Records for the task:
::::

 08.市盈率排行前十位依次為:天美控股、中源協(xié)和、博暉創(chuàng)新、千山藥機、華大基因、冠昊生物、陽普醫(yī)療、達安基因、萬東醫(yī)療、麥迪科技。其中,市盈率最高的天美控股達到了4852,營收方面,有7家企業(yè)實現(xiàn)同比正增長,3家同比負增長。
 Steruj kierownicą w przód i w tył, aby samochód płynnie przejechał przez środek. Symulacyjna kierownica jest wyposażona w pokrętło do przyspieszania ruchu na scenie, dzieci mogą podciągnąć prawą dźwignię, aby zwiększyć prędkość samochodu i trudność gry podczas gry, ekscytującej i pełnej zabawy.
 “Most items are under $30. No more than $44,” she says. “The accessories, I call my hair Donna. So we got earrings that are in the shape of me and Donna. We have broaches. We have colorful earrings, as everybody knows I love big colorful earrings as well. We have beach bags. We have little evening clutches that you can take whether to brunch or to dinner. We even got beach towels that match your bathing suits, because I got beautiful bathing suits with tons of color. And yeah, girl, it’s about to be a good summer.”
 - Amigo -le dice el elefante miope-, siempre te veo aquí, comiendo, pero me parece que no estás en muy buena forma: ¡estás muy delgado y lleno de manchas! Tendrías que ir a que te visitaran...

::::

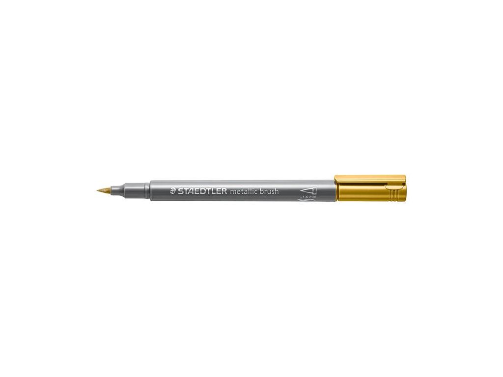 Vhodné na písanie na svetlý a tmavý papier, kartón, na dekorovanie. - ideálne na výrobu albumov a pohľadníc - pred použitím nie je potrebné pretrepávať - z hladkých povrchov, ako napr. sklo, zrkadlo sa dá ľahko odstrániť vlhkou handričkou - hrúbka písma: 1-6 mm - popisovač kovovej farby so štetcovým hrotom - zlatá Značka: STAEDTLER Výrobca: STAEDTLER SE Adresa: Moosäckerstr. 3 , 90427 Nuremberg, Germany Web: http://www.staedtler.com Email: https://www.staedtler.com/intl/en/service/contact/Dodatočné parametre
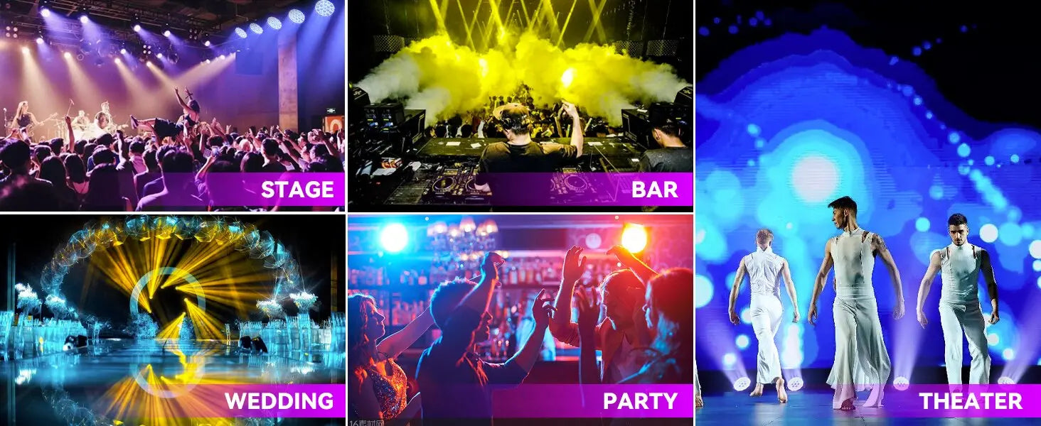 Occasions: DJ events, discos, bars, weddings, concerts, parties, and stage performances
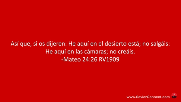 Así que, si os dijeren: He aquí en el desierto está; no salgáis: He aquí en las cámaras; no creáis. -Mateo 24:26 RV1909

::::

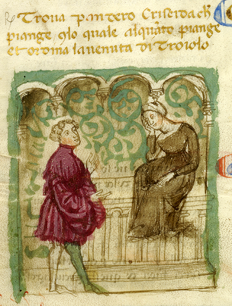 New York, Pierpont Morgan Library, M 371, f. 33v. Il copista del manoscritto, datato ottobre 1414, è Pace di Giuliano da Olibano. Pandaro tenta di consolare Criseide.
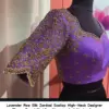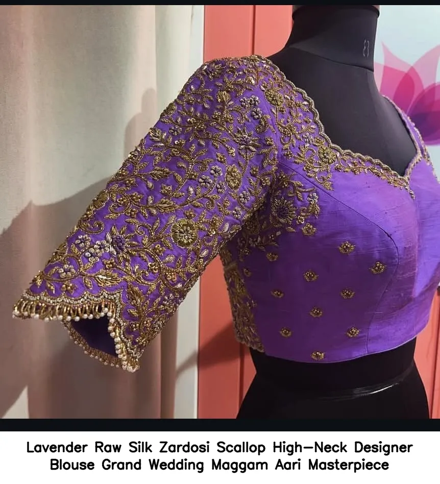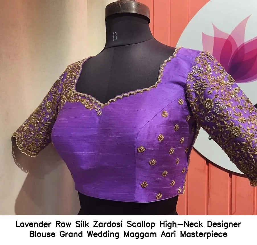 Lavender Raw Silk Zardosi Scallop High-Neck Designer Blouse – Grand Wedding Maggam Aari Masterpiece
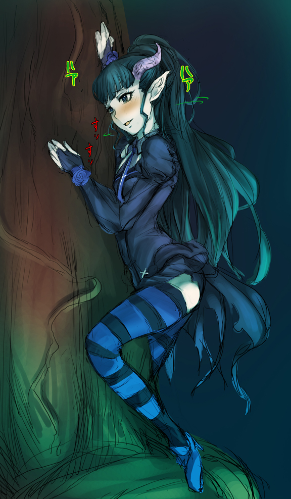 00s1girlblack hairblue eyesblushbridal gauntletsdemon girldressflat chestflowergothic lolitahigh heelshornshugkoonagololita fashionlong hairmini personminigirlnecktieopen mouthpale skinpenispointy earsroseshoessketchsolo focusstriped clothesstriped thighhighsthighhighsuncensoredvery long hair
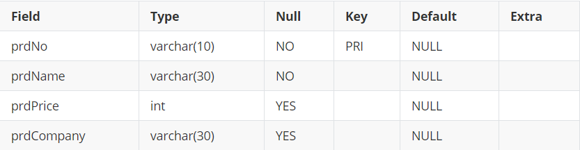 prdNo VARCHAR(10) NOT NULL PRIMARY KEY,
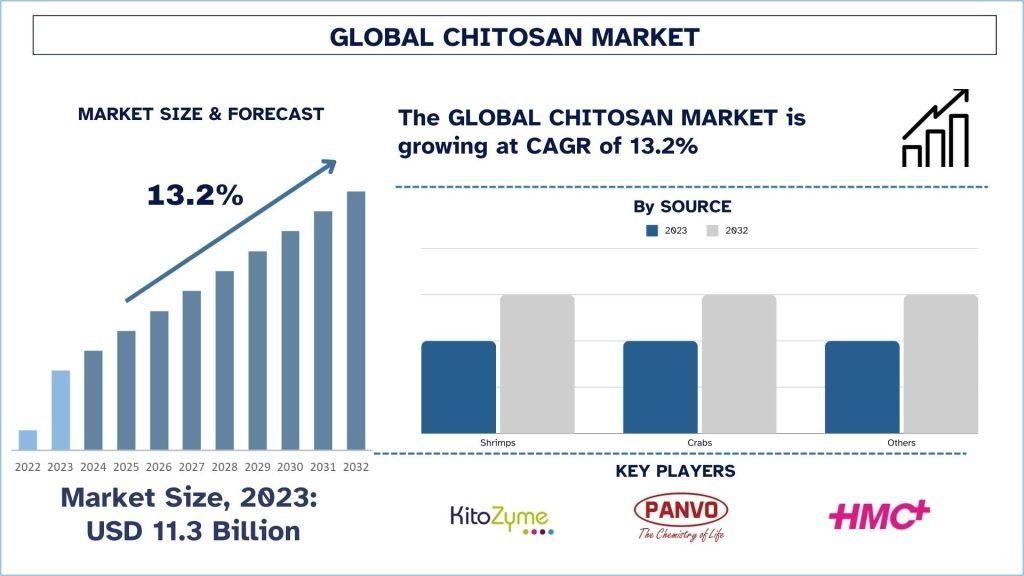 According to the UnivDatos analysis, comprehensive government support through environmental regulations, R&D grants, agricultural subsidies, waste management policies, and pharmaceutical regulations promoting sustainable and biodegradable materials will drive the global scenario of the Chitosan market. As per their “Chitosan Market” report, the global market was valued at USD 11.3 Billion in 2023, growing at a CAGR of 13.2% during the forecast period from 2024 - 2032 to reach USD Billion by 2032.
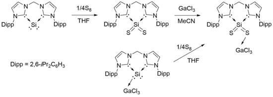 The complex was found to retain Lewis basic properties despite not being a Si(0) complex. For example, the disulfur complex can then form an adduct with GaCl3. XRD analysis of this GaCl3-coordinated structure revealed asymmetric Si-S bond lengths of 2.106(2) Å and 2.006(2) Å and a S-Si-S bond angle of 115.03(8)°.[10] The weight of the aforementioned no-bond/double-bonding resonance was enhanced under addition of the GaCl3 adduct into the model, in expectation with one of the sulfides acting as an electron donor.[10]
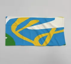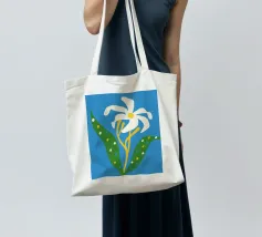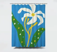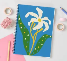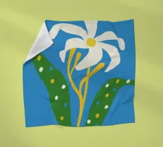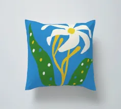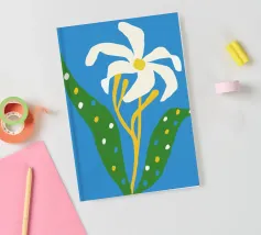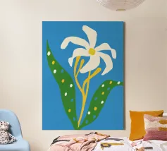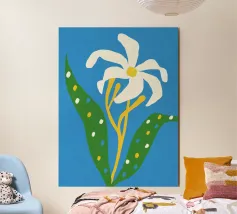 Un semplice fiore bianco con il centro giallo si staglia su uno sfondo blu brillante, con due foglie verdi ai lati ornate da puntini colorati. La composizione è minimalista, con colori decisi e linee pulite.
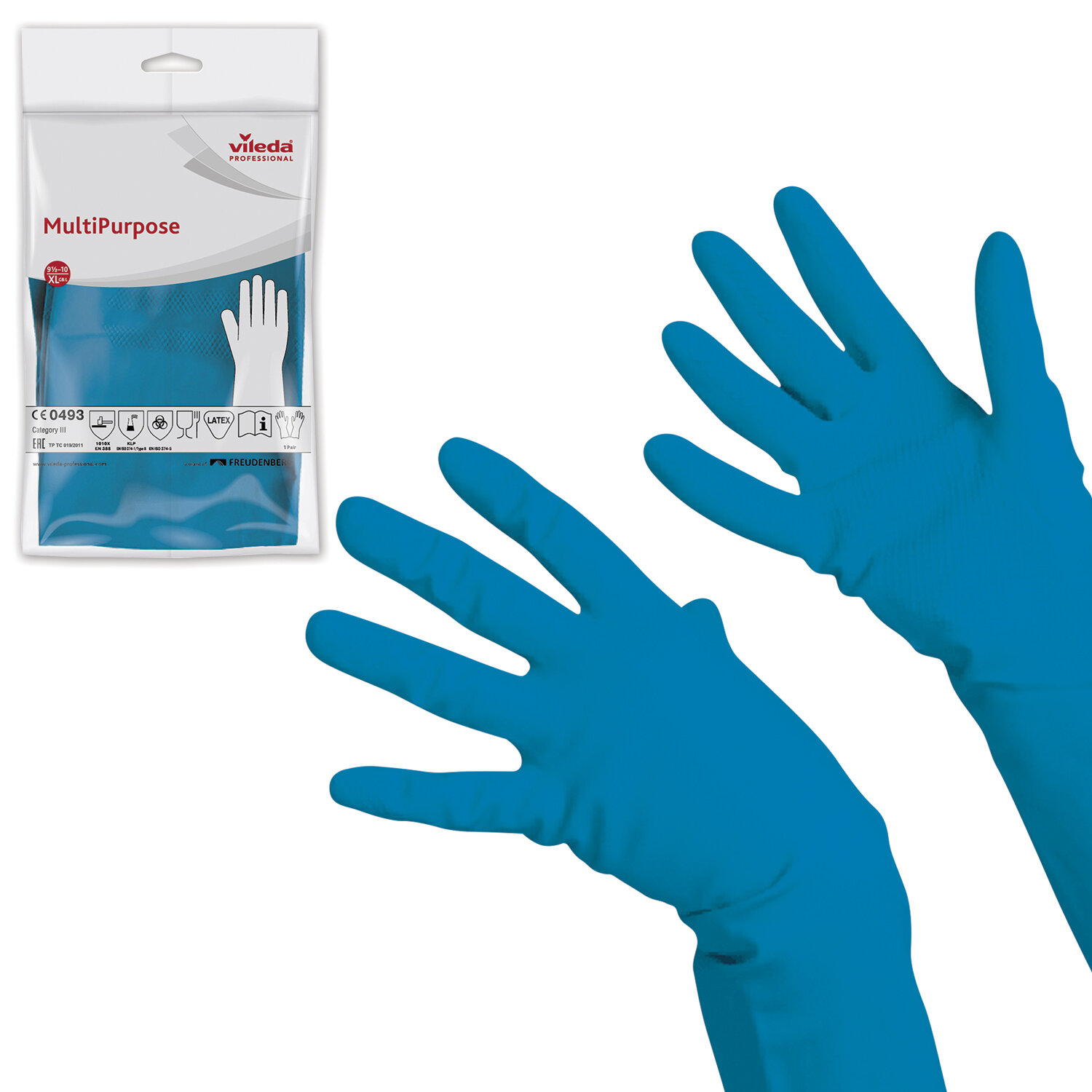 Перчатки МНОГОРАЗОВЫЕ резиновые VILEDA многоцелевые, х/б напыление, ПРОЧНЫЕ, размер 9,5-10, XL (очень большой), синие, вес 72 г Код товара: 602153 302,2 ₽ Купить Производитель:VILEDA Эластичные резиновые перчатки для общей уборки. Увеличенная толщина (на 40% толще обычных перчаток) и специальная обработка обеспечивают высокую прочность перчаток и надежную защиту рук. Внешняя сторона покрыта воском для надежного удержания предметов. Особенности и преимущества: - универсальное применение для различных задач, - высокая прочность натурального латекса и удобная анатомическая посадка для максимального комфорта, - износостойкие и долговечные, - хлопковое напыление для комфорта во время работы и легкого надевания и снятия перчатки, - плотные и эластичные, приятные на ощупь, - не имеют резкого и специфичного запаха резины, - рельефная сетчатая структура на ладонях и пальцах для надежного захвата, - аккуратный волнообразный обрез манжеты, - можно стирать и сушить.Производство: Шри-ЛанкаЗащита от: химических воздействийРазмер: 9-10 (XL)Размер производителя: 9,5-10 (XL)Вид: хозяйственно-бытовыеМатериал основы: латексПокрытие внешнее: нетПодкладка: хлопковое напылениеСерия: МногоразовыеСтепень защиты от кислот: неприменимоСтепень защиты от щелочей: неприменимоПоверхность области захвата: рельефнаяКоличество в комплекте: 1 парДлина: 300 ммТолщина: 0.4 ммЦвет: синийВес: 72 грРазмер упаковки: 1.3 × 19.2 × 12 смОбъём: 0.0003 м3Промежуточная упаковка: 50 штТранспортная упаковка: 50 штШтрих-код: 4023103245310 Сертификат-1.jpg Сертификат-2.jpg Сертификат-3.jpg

::::

Work task: In the entries above, one line contains "08.市盈率排行前十位依次為" and another contains "Steruj kierownicą w". Reproduce exactly those two lines and the lines between them, nothing else.

Expected output:
 08.市盈率排行前十位依次為:天美控股、中源協(xié)和、博暉創(chuàng)新、千山藥機、華大基因、冠昊生物、陽普醫(yī)療、達安基因、萬東醫(yī)療、麥迪科技。其中,市盈率最高的天美控股達到了4852,營收方面,有7家企業(yè)實現(xiàn)同比正增長,3家同比負增長。
 Steruj kierownicą w przód i w tył, aby samochód płynnie przejechał przez środek. Symulacyjna kierownica jest wyposażona w pokrętło do przyspieszania ruchu na scenie, dzieci mogą podciągnąć prawą dźwignię, aby zwiększyć prędkość samochodu i trudność gry podczas gry, ekscytującej i pełnej zabawy.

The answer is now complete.